• **Extracted entries**
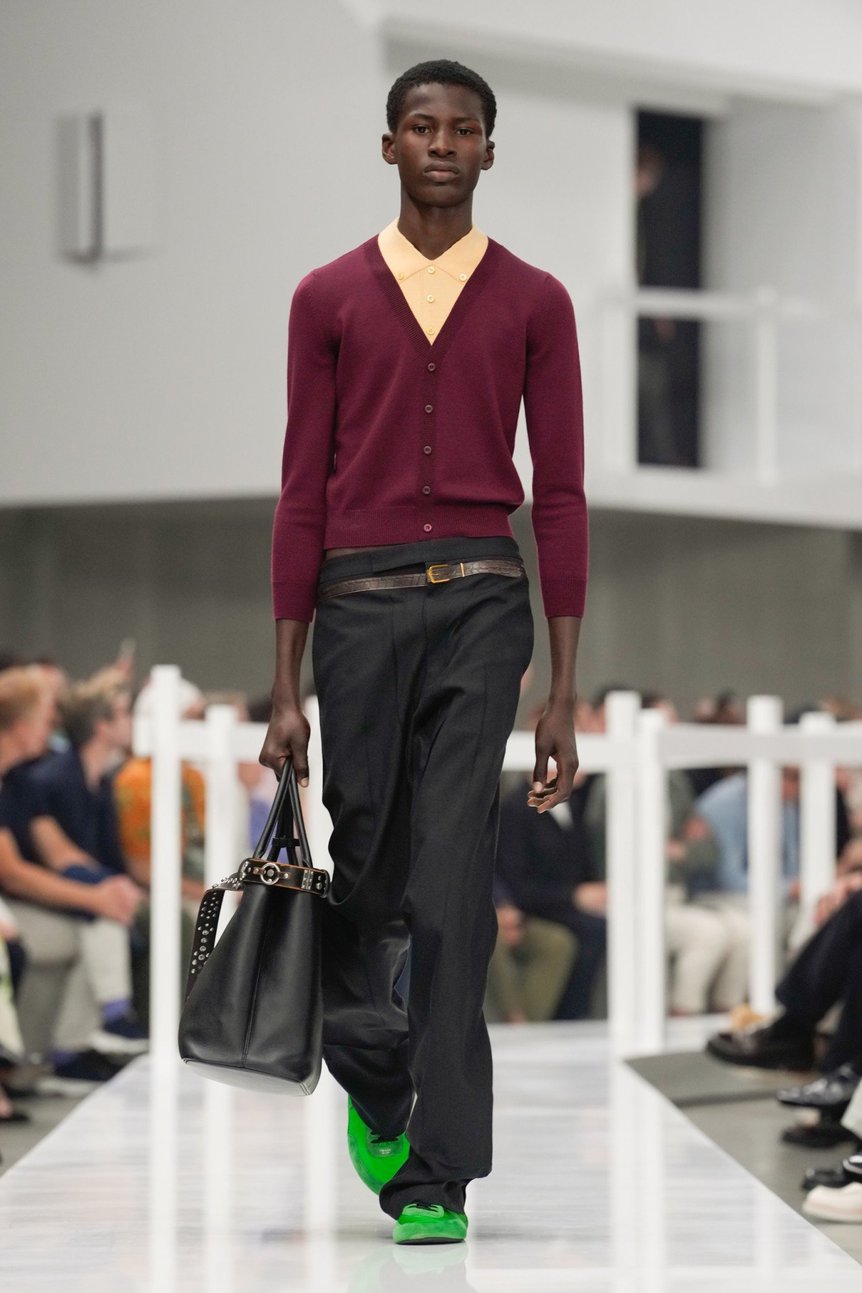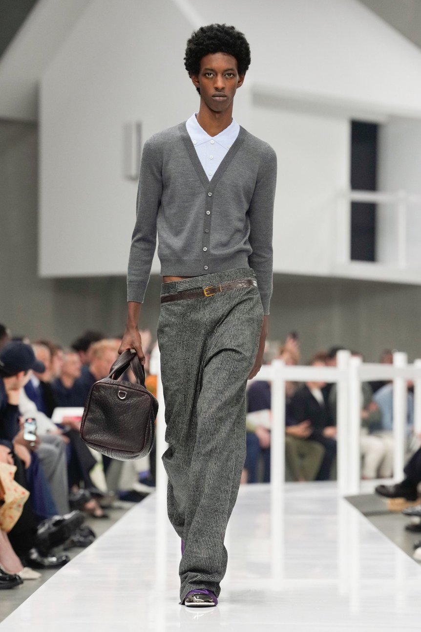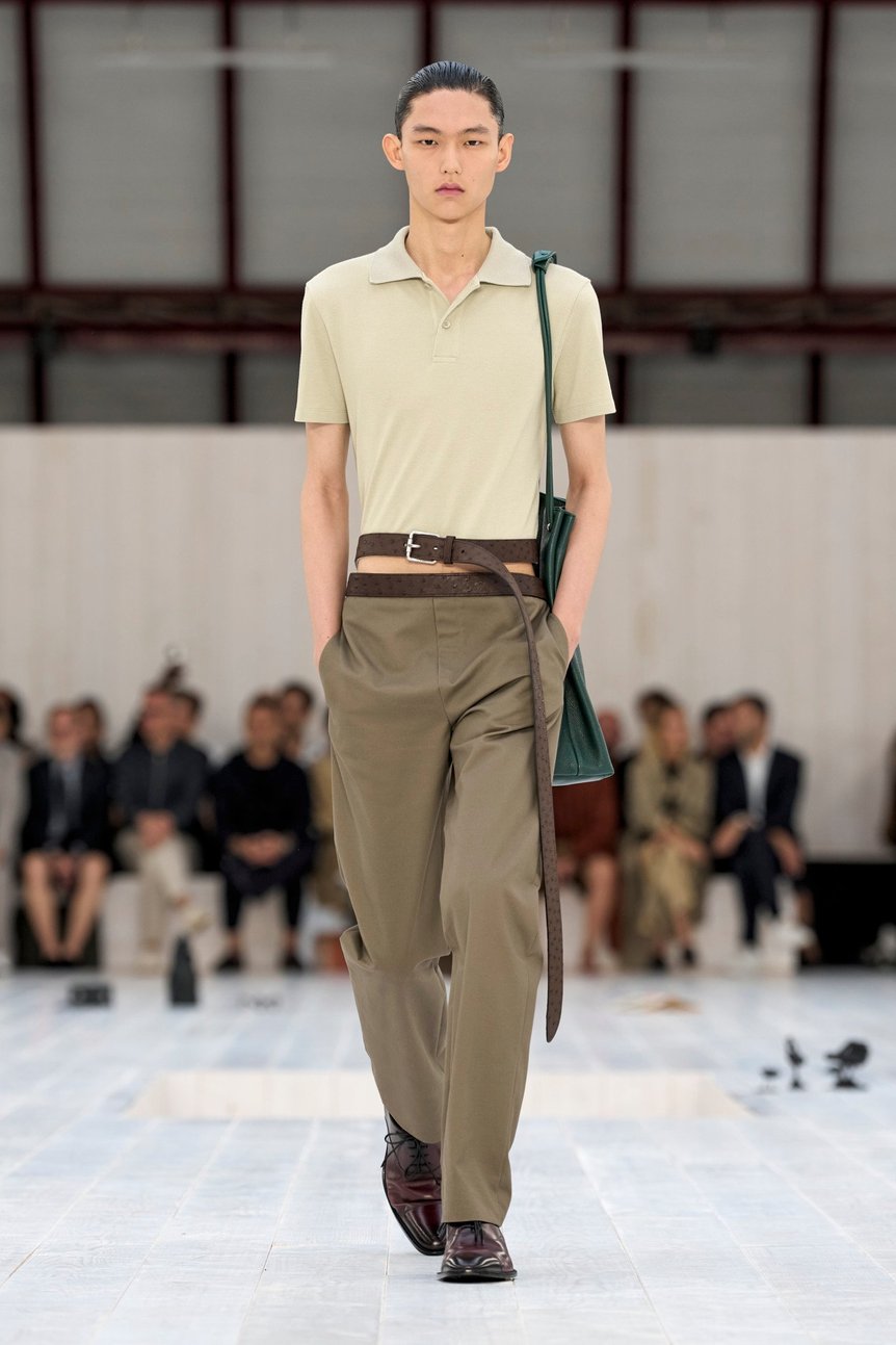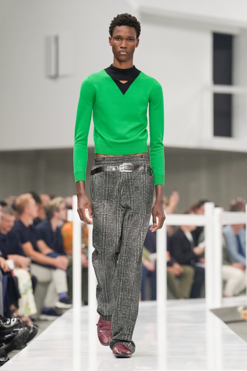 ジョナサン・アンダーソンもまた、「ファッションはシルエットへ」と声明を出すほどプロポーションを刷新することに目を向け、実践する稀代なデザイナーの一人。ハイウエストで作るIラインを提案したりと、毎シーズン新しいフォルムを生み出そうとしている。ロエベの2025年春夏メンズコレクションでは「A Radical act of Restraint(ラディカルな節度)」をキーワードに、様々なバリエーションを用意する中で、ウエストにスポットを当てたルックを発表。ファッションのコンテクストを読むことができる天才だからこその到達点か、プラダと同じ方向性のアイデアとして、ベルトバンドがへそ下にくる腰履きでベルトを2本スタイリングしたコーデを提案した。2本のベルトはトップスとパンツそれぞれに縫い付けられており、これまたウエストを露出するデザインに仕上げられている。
---
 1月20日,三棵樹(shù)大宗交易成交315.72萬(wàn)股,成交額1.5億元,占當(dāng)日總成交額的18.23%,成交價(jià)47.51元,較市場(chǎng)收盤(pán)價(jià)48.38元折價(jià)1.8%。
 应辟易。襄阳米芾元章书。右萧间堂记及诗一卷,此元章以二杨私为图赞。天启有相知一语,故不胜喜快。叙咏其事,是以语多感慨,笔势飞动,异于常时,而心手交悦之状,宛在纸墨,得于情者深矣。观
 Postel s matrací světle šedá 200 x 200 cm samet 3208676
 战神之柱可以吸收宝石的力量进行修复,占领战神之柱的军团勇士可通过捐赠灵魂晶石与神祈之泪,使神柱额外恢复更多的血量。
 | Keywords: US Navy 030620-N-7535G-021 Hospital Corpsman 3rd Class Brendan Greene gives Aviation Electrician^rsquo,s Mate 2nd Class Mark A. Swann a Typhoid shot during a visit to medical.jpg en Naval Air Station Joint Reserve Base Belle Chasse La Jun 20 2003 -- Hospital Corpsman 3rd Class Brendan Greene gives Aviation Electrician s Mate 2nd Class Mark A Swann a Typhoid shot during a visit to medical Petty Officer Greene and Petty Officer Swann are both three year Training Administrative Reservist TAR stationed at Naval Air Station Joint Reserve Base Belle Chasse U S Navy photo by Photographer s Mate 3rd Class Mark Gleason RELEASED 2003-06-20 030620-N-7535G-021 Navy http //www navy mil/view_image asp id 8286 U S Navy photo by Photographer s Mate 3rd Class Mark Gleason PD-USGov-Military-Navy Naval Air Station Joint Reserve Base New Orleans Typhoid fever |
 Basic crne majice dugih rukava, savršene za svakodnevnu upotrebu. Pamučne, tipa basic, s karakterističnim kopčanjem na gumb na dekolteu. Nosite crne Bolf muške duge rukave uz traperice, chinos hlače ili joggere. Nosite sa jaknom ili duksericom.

• **How to complete this task**
Which lines run from the one holding "Postel s matrací" through the one holding "Basic crne majice" in the records above? Repeat them exactly, both included, and nothing more.

• **Finished exercise**
 Postel s matrací světle šedá 200 x 200 cm samet 3208676
 战神之柱可以吸收宝石的力量进行修复,占领战神之柱的军团勇士可通过捐赠灵魂晶石与神祈之泪,使神柱额外恢复更多的血量。
 | Keywords: US Navy 030620-N-7535G-021 Hospital Corpsman 3rd Class Brendan Greene gives Aviation Electrician^rsquo,s Mate 2nd Class Mark A. Swann a Typhoid shot during a visit to medical.jpg en Naval Air Station Joint Reserve Base Belle Chasse La Jun 20 2003 -- Hospital Corpsman 3rd Class Brendan Greene gives Aviation Electrician s Mate 2nd Class Mark A Swann a Typhoid shot during a visit to medical Petty Officer Greene and Petty Officer Swann are both three year Training Administrative Reservist TAR stationed at Naval Air Station Joint Reserve Base Belle Chasse U S Navy photo by Photographer s Mate 3rd Class Mark Gleason RELEASED 2003-06-20 030620-N-7535G-021 Navy http //www navy mil/view_image asp id 8286 U S Navy photo by Photographer s Mate 3rd Class Mark Gleason PD-USGov-Military-Navy Naval Air Station Joint Reserve Base New Orleans Typhoid fever |
 Basic crne majice dugih rukava, savršene za svakodnevnu upotrebu. Pamučne, tipa basic, s karakterističnim kopčanjem na gumb na dekolteu. Nosite crne Bolf muške duge rukave uz traperice, chinos hlače ili joggere. Nosite sa jaknom ili duksericom.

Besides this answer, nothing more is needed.